JR九州 キハ71系・キハ72系ゆふいんの森

鉄道

JR九州のキハ71系・キハ72系ゆふいんの森は、その名のとおり福岡県博多と温泉地の大分県由布院を結ぶ観光特急です。
1日3往復のうち1往復は別府まで運転されています。

最近、JR九州では観光列車を”D&S(デザイン&ストーリー)列車”と呼ぶようになりましたが、ゆふいんの森はその先駆けとなった列車です。
ちなみに “D&S”とは、”D”は”特別なデザイン”、”S”は運行する地域に基づく”ストーリー”で、”デザインと物語のある列車”という意味が込められているそうです。

この列車の特徴は以下の2点だと思います。
1.全車眺望の良いハイデッカー構造
2.ビュッフェ

1つ目のハイデッカー構造についてですが、列車に乗る時に乗車口で階段を上がります。
客室は階段を上がった分高い位置にあり、眺望が良くなっています。
車両間の連結部分もブリッジで結ばれています。
座席は車体と同じくグリーンを基調にした回転式リクライニングシートになっています。
そして、運転席の後ろはガラスで仕切られているだけで、前面展望が楽しめるようになっています。

2つ目のビュッフェについてですが、ゆふいんの森にはビュッフェが設置されており、車内で沿線地域のスイーツやドリンク、ゆふいんの森グッズなどお土産を購入することができます。
私も乗車記念にゆふいんの森キーホルダーを購入し、車内でゆずみつスカッシュをいただきました。
ゆずみつスカッシュは、ゆずの香りが口に広がり、炭酸のすっきりとした飲み口で美味しかったです。

ゆふいんの森には、記念乗車証が車内に備え付けられており、スタンプを押して乗車記念にすることができます。
この列車だけでなく、JR九州のD&S列車それぞれに記念乗車証があり、私の中ではこれを集めるのも D&S列車に乗る時の楽しみの1つです。

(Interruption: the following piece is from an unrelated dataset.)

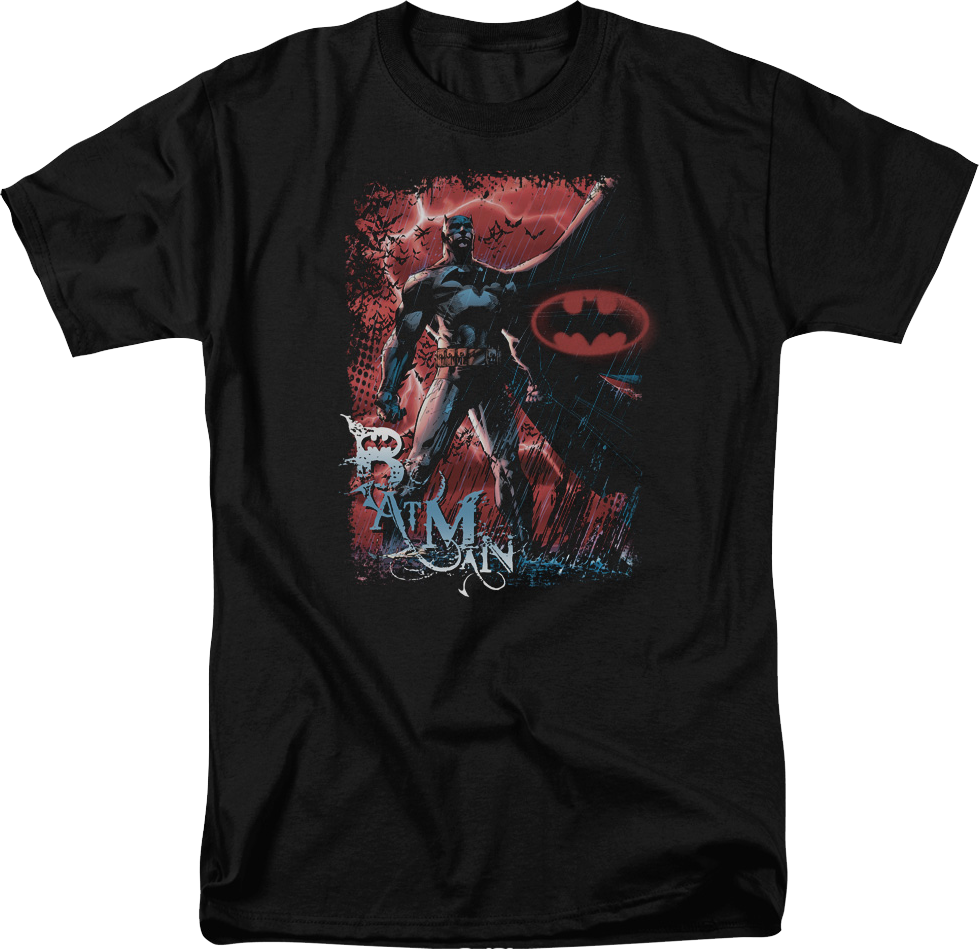 This Batman t-shirt shows the Caped Crusader standing tall in a lightning storm as the protector of Gotham City.

列車は博多を出発すると久留米まで鹿児島本線を走行し、久留米から久大本線に入ります。
久大本線に入るといくつか車窓スポットを通過しますが、その中から2つ紹介したいと思います。

まず1つ目は慈恩の滝です。
大分県日田市と玖珠町の境にある滝で、大蛇伝説や龍神伝説が残っているそうです。
由布院に向かって走っている時は進行方向右側に見えてきます。
滝を通過する時は列車の速度を落として運転してくれます。

2つ目は旧豊後森機関庫です。
久大本線を蒸気機関車が走っていた頃の扇形機関庫で、機関庫と転車台が残っています。
豊後森駅を出発するとこちらも由布院に向かって走っている時は進行方向右側に見えてきます。
2009年に近代化産業遺産に認定され、2012年に国の登録有形文化財に登録されています。
公園として整備されているので、豊後森駅で下車して見に行くこともできます。

最後に車両について書きたいと思います。
ゆふいんの森はタイトルに書いたとおり、キハ71系とキハ72系の2車種で運行しています。
両数や設備の違いがあるのですが、どちらもぱっと見は区別がつかないかもしれません。
しかし、側面のゴールドのラインの太さや側窓の大きさ、前面をよく見ると違うので注目してみて下さい。
私は2回乗りましたが、2回ともキハ72系でした。

そして、キハ72系には1両だけ2015年に後から増備された車両があります。
4号車がその車両なのですが、座席のデザインが他の車両と異なっています。
乗車された時にデザインの違いを楽しんでみてはいかがでしょうか。

車両のデザイン・設計は工業デザイナーの水戸岡鋭治氏です。
JR九州のD&S列車のデザイン・設計と言えばこの人という人ですが、乗りたくなるような車両を世に送り出しています。
最近は、車両だけでなく駅のデザインなども多く手掛けられています。
そして、JR九州だけでなく他社のデザインも手掛けられており、あちこち巡ってみるのも良いかもしれません。